Это первый сезон нашего сада, а посмотрите, как он разросся. Цветущая дорога из дома в лес — так он должен выглядеть! Хочу, чтобы сад тонул в кустах, чтобы они лезли друг на друга, всеми силами тянулись к небу. Зачем?Потрогать землю, посадить семечко и получить через два месяца фонтан из детства под названием космея — вот чудо настоящее. Некоторые садоводы в шоке, какие гиганты у нас выросли. А просто все обползано здесь мной на коленках. Столько рассады я накупила у бабушек у метро «Владимирская» этой весной! А еще заказала семена — и сотрудницы модного дома, распихав их по баночкам с землей, каждый день поливали, ожидая всходов. Весь июнь и июль я занималась посадками. Сама высадила гладиолусы — они выросли, зацвели и уже отцвели. Георгины посадил Марк, мой внук, — вырыл ямку, обустроил корешки: это его первые растения.

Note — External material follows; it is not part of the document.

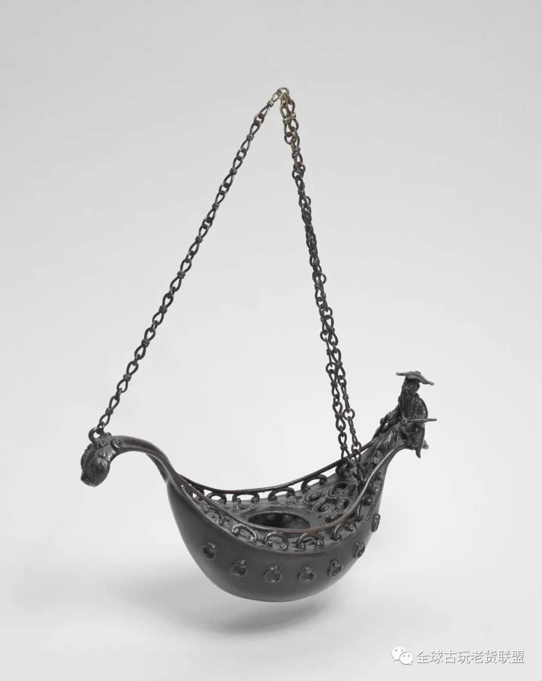 另一件重要作品明仙人乘槎挂式铜吊炉:它虽然是一个香炉或香瓶,其形状则可能是受到中亚和波斯的托钵(kashkul),或所谓的「施舍钵」的启发而来。

Очень помогла команда ландшафтного бюро «Мох»: в конце июля я поняла, что мне срочно нужны мальвы, я жить без них не могу, — и вот, пожалуйста, посмотрите на эти экземпляры высотой в два метра. Мальвы еще стоят и будут держаться до осени, до последнего бутона. Ребята из «Мох» привезли мне и горшечные растения: садовую бугенвиллию, колеус, дипладению блестящую и сказочную штамбовую розу флорибунду сорта «леонардо да винчи» — на зиму я отдам их на хранение в оранжерею.
Видите, по земле стелется плотный ковер из цветов петхоа — вы их точно знаете, они еще по всему центру Петербурга висят гроздьями! Оказывается, на земле им гораздо лучше, чем в горшках. Такие вещи надо замечать: растения требуют внимания, общения — и поцелуев. Подходишь с утра к розе, целуешь ее, а она отвечает — ароматом. Или, представьте, случай: я долго вела беседы с мальвами, которые опирались о специальные палки, и случился феномен — все восемь палок проросли листьями, пустили корни и превратились в деревья! Будем пересаживать их в наш лес.

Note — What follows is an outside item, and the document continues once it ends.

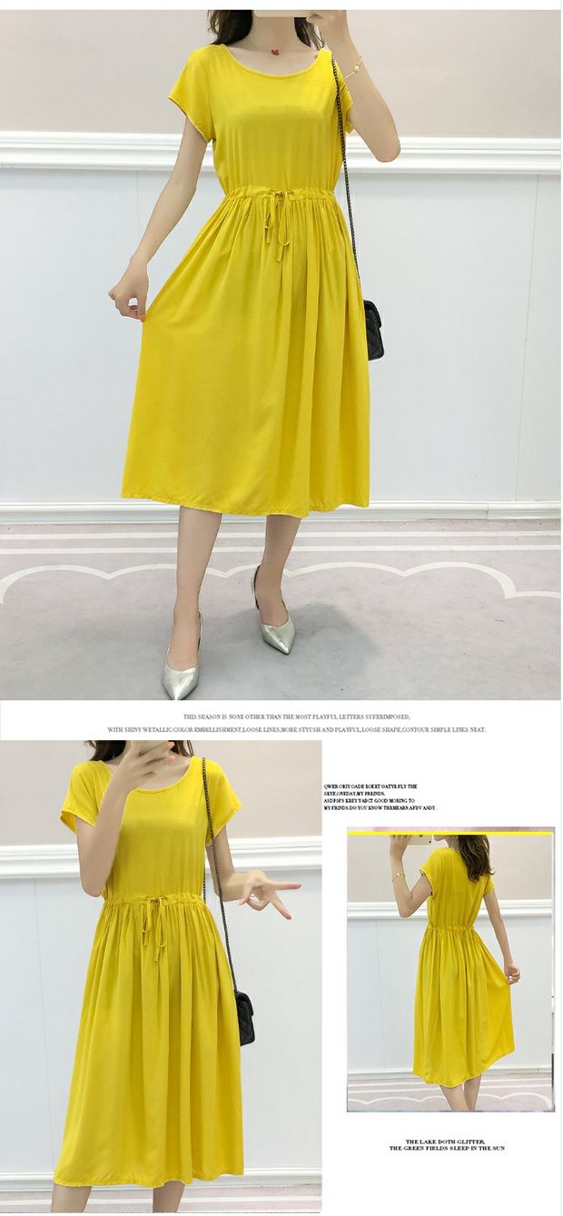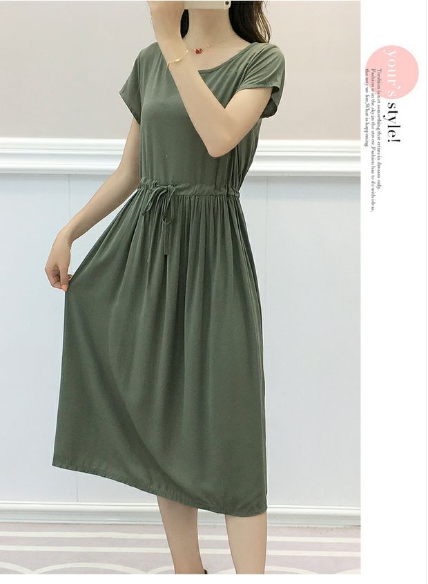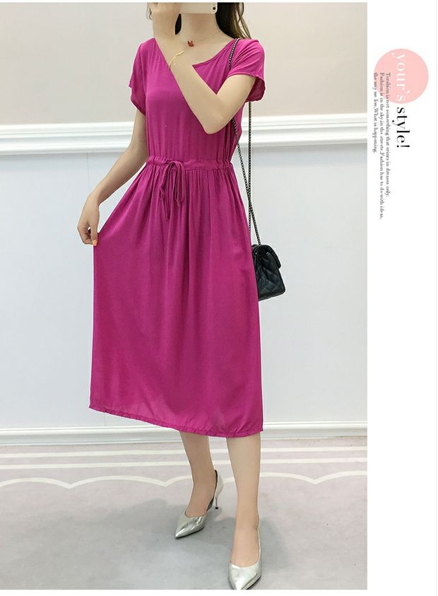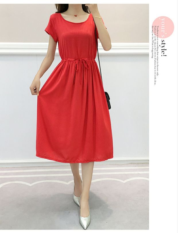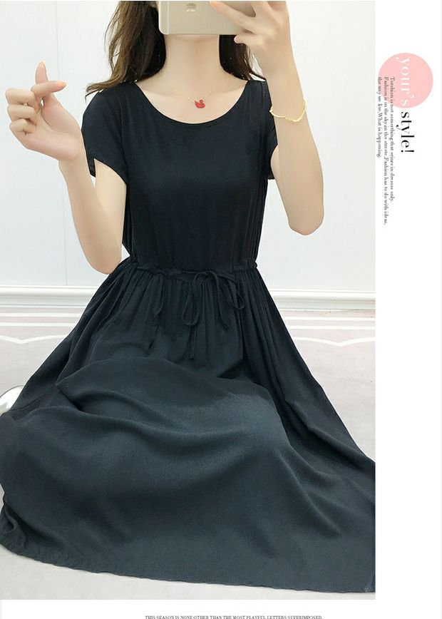純色棉綢連衣裙夏季時尚外穿中長款大擺沙灘裙顯瘦綿綢人造棉大碼

Сейчас разгар августа: отцвели голубые и розовые дельфиниумы, а коричневая лилия с желтыми прожилками заходит на второй круг цветения! Флоксы — стойкие, и у нас их много: мужу нравится запах. А мне они кошками пахнут. Рядом фиалки — никогда не называю их анютиными глазками. Вот послушайте: «Из земли торчат анютины глазки». Звучит сомнительно, да? Зато у кореопсиса есть прекрасное народное имя — «Цыганская юбка». Слово — это так важно! Бывает, вырываю сорняк и утешаю его словом: «Прости, дружок, ты не там родился!».
Будем ли мы устраивать пикники в саду и звать друзей? Вы первые, кто приехал к нам в гости. В следующем году построим террасу — и будем на ней завтракать. Я люблю утро — и начаться оно может хоть в два часа дня: проснулась, знаете, — и утро. Мой муж — гений завтраков. Гренки из белого хлеба, гречневая каша — как он их готовит!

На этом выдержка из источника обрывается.